One of the founders of synergetics, G. Haken, put forward the following question: what common features can be found in the development of various natural and social systems? And he answered his own question in this way: the general is in itself the creation of a structure; qualitative changes occurring at the macroscopic level; the emergence of a new quality through the emergent method; self-learning process that occurs in open systems. According to Haken, the synergetic view differs from the traditional view by moving from the evaluation of simple systems to the study of complex systems; from the evaluation of closed systems to the study of open systems; from the evaluation of linear systems to the study of nonlinear systems; from assessing the equilibrium of processes to studying their delocalization and instability.
Despite the fact that the origin of synergetics is associated with the names of G. Haken, I. Prigozhin and others, the formation of its main ideas was also influenced by the dialectics of Schelling, Hegel, Marx. Despite the fact that many are silent about this, one of the founders of synergetics, I.Prigozhin, acknowledging this, wrote that "nature confirms the existence of a hierarchy in philosophy, when each level requires the previous level." According to this, Prigogine unequivocally notes that the idea of the history of nature, as an integral part of materialism, belonged to K. Marx, was comprehensively developed by F. Engels.
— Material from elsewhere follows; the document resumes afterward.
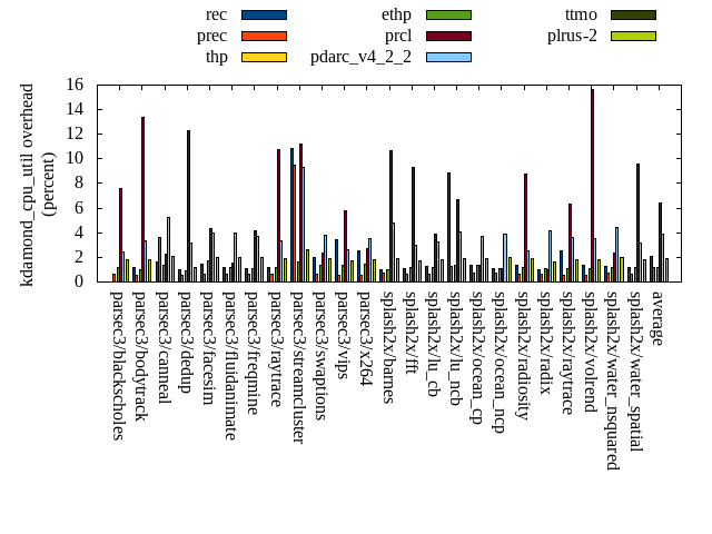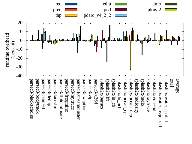 ======= Summary ======= runtime orig rec (overhead) prec (overhead) thp (overhead) ethp (overhead) prcl (overhead) pdarc_v4_2_2 (overhead) ttmo (overhead) plrus-2 (overhead) parsec3/blackscholes 139.363 139.963 (0.43) 139.411 (0.03) 139.558 (0.14) 139.657 (0.21) 148.330 (6.43) 140.136 (0.56) 140.442 (0.77) 140.464 (0.79) parsec3/bodytrack 126.032 126.299 (0.21) 126.151 (0.09) 126.559 (0.42) 127.744 (1.36) 141.393 (12.19) 126.220 (0.15) 126.791 (0.60) 127.203 (0.93) parsec3/canneal 212.118 227.241 (7.13) 227.435 (7.22) 191.924 (-9.52) 207.214 (-2.31) 241.727 (13.96) 231.373 (9.08) 228.101 (7.54) 235.046 (10.81) parsec3/dedup 19.079 18.840 (-1.26) 18.802 (-1.46) 18.570 (-2.67) 18.890 (-0.99) 20.214 (5.95) 18.881 (-1.04) 18.504 (-3.02) 18.457 (-3.26) parsec3/facesim 357.037 346.633 (-2.91) 347.756 (-2.60) 339.811 (-4.82) 343.842 (-3.70) 362.238 (1.46) 353.515 (-0.99) 349.375 (-2.15) 347.532 (-2.66) parsec3/fluidanimate 334.775 337.218 (0.73) 340.385 (1.68) 329.494 (-1.58) 337.609 (0.85) 338.231 (1.03) 336.801 (0.61) 340.215 (1.62) 339.788 (1.50) parsec3/freqmine 437.013 437.054 (0.01) 437.334 (0.07) 435.288 (-0.39) 436.211 (-0.18) 446.456 (2.16) 437.441 (0.10) 438.424 (0.32) 437.329 (0.07) parsec3/raytrace 183.706 184.408 (0.38) 184.402 (0.38) 186.808 (1.69) 188.374 (2.54) 200.135 (8.94) 187.228 (1.92) 187.160 (1.88) 188.403 (2.56) parsec3/streamcluster 647.246 693.190 (7.10) 673.438 (4.05) 560.367 (-13.42) 632.004 (-2.35) 698.801 (7.97) 677.681 (4.70) 752.889 (16.32) 692.226 (6.95) parsec3/swaptions 221.951 221.274 (-0.30) 223.880 (0.87) 221.404 (-0.25) 222.900 (0.43) 223.505 (0.70) 221.841 (-0.05) 219.855 (-0.94) 222.949 (0.45) parsec3/vips 89.092 89.078 (-0.02) 88.499 (-0.67) 87.754 (-1.50) 88.286 (-0.90) 90.768 (1.88) 93.407 (4.84) 95.301 (6.97) 94.602 (6.18) parsec3/x264 121.468 114.351 (-5.86) 118.494 (-2.45) 121.645 (0.15) 116.770 (-3.87) 105.954 (-12.77) 113.400 (-6.64) 127.925 (5.32) 121.553 (0.07) splash2x/barnes 130.761 131.058 (0.23) 131.423 (0.51) 120.509 (-7.84) 128.015 (-2.10) 146.268 (11.86) 133.751 (2.29) 133.149 (1.83) 133.771 (2.30) splash2x/fft 62.234 60.814 (-2.28) 61.275 (-1.54) 47.444 (-23.77) 62.899 (1.07) 64.589 (3.78) 63.415 (1.90) 73.234 (17.68) 73.106 (17.47) splash2x/lu_cb 133.054 133.483 (0.32) 133.083 (0.02) 132.719 (-0.25) 133.604 (0.41) 137.336 (3.22) 133.518 (0.35) 133.546 (0.37) 133.523 (0.35) splash2x/lu_ncb 151.033 154.876 (2.54) 153.165 (1.41) 151.300 (0.18) 152.707 (1.11) 154.935 (2.58) 152.160 (0.75) 153.401 (1.57) 151.527 (0.33) splash2x/ocean_cp 80.949 89.306 (10.32) 82.606 (2.05) 85.235 (5.30) 84.419 (4.29) 85.414 (5.52) 90.036 (11.23) 86.346 (6.67) 84.517 (4.41) splash2x/ocean_ncp 158.690 167.869 (5.78) 163.626 (3.11) 106.831 (-32.68) 152.673 (-3.79) 176.001 (10.91) 166.098 (4.67) 181.932 (14.65) 177.414 (11.80) splash2x/radiosity 143.883 142.814 (-0.74) 143.155 (-0.51) 142.065 (-1.26) 143.057 (-0.57) 153.687 (6.81) 143.846 (-0.03) 146.655 (1.93) 145.539 (1.15) splash2x/radix 53.312 52.193 (-2.10) 51.757 (-2.92) 44.553 (-16.43) 51.344 (-3.69) 53.073 (-0.45) 53.556 (0.46) 54.756 (2.71) 55.746 (4.56) splash2x/raytrace 135.578 136.264 (0.51) 137.331 (1.29) 132.182 (-2.51) 134.140 (-1.06) 144.311 (6.44) 136.003 (0.31) 137.746 (1.60) 139.647 (3.00) splash2x/volrend 120.329 120.947 (0.51) 120.937 (0.51) 120.072 (-0.21) 120.185 (-0.12) 129.945 (7.99) 121.695 (1.14) 120.906 (0.48) 121.116 (0.65) splash2x/water_nsquared 373.310 372.865 (-0.12) 371.384 (-0.52) 356.497 (-4.50) 368.311 (-1.34) 397.922 (6.59) 375.737 (0.65) 390.868 (4.70) 393.008 (5.28) splash2x/water_spatial 133.619 134.608 (0.74) 135.818 (1.65) 135.885 (1.70) 135.392 (1.33) 149.880 (12.17) 136.125 (1.88) 136.225 (1.95) 136.347 (2.04) total 4565.630 4632.630 (1.47) 4611.540 (1.01) 4334.470 (-5.06) 4526.240 (-0.86) 4811.100 (5.38) 4643.890 (1.71) 4773.760 (4.56) 4710.830 (3.18) average 190.235 193.026 (0.89) 192.148 (0.51) 180.603 (-4.75) 188.593 (-0.56) 200.463 (5.31) 193.495 (1.62) 198.907 (3.81) 196.285 (3.24) kdamond_cpu_util orig rec (overhead) prec (overhead) thp (overhead) ethp (overhead) prcl (overhead) pdarc_v4_2_2 (overhead) ttmo (overhead) plrus-2 (overhead) parsec3/blackscholes 0.000 0.000 (0.00) 0.594 (0.59) 0.000 (0.00) 1.150 (1.15) 7.618 (7.62) 2.455 (2.46) 0.000 (0.00) 1.847 (1.85) parsec3/bodytrack 0.000 1.195 (1.20) 0.528 (0.53) 0.000 (0.00) 0.960 (0.96) 13.390 (13.39) 3.338 (3.34) 0.000 (0.00) 1.805 (1.80) parsec3/canneal 0.000 1.630 (1.63) 3.603 (3.60) 0.000 (0.00) 1.383 (1.38) 2.228 (2.23) 5.269 (5.27) 0.000 (0.00) 2.124 (2.12) parsec3/dedup 0.000 0.993 (0.99) 0.553 (0.55) 0.000 (0.00) 0.911 (0.91) 12.264 (12.26) 3.120 (3.12) 0.000 (0.00) 1.190 (1.19) parsec3/facesim 0.000 1.425 (1.43) 0.615 (0.61) 0.000 (0.00) 1.680 (1.68) 4.324 (4.32) 3.986 (3.99) 0.000 (0.00) 1.973 (1.97) parsec3/fluidanimate 0.000 1.206 (1.21) 0.625 (0.63) 0.000 (0.00) 1.168 (1.17) 1.505 (1.51) 3.962 (3.96) 0.000 (0.00) 1.954 (1.95) parsec3/freqmine 0.000 1.092 (1.09) 0.610 (0.61) 0.000 (0.00) 1.042 (1.04) 4.193 (4.19) 3.663 (3.66) 0.000 (0.00) 1.973 (1.97) parsec3/raytrace 0.000 1.148 (1.15) 0.607 (0.61) 0.000 (0.00) 1.148 (1.15) 10.745 (10.75) 3.343 (3.34) 0.000 (0.00) 1.905 (1.91) parsec3/streamcluster 0.000 10.869 (10.87) 9.460 (9.46) 0.000 (0.00) 1.666 (1.67) 11.239 (11.24) 9.292 (9.29) 0.000 (0.00) 2.642 (2.64) parsec3/swaptions 0.000 1.997 (2.00) 0.602 (0.60) 0.000 (0.00) 1.319 (1.32) 2.318 (2.32) 3.806 (3.81) 0.000 (0.00) 1.895 (1.90) parsec3/vips 0.000 3.467 (3.47) 0.575 (0.58) 0.000 (0.00) 1.370 (1.37) 5.760 (5.76) 2.642 (2.64) 0.000 (0.00) 1.708 (1.71) parsec3/x264 0.000 2.509 (2.51) 0.574 (0.57) 0.000 (0.00) 1.442 (1.44) 2.669 (2.67) 3.527 (3.53) 0.000 (0.00) 1.772 (1.77) splash2x/barnes 0.000 1.024 (1.02) 0.701 (0.70) 0.000 (0.00) 1.014 (1.01) 10.711 (10.71) 4.765 (4.77) 0.000 (0.00) 1.903 (1.90) splash2x/fft 0.000 1.103 (1.10) 0.646 (0.65) 0.000 (0.00) 1.178 (1.18) 9.270 (9.27) 2.938 (2.94) 0.000 (0.00) 1.757 (1.76) splash2x/lu_cb 0.000 1.235 (1.24) 0.601 (0.60) 0.000 (0.00) 1.205 (1.21)

Despite the recognition of Prigogine, some modern scientists, not seeing the connection between dialectics and synergetics, assumed that dialectics had ceased to exist and therefore it should be replaced by synergetics. However, of course, one cannot agree with such an idea, since, in addition to the fact that there is a general theory of development and a universal cognitive method, dialectics, one of the great achievements of world philosophical thought, will remain so.
2. The second sign that characterizes modern natural science is the consolidation of the theory of integrity, the awareness of the need for a comprehensive global view of the world.
The question is: what is the content of the wholeness paradigm?
The paradigm of integrity is manifested in a number of phenomena, including integrity, continuity, a phenomenon of nature, society, the biosphere, noosphere, worldview and other phenomena. One of the convex manifestations of integrity is that a person is not outside the studied object, but inside. He is a part that constantly knows the whole. To clarify this idea, Academician V.I. Vernadsky wrote that the history of the knowledge of science shows that science is impossible without a person, and science is what a person created ... the patterns found in the surrounding world, a person turns into his words, into his mind.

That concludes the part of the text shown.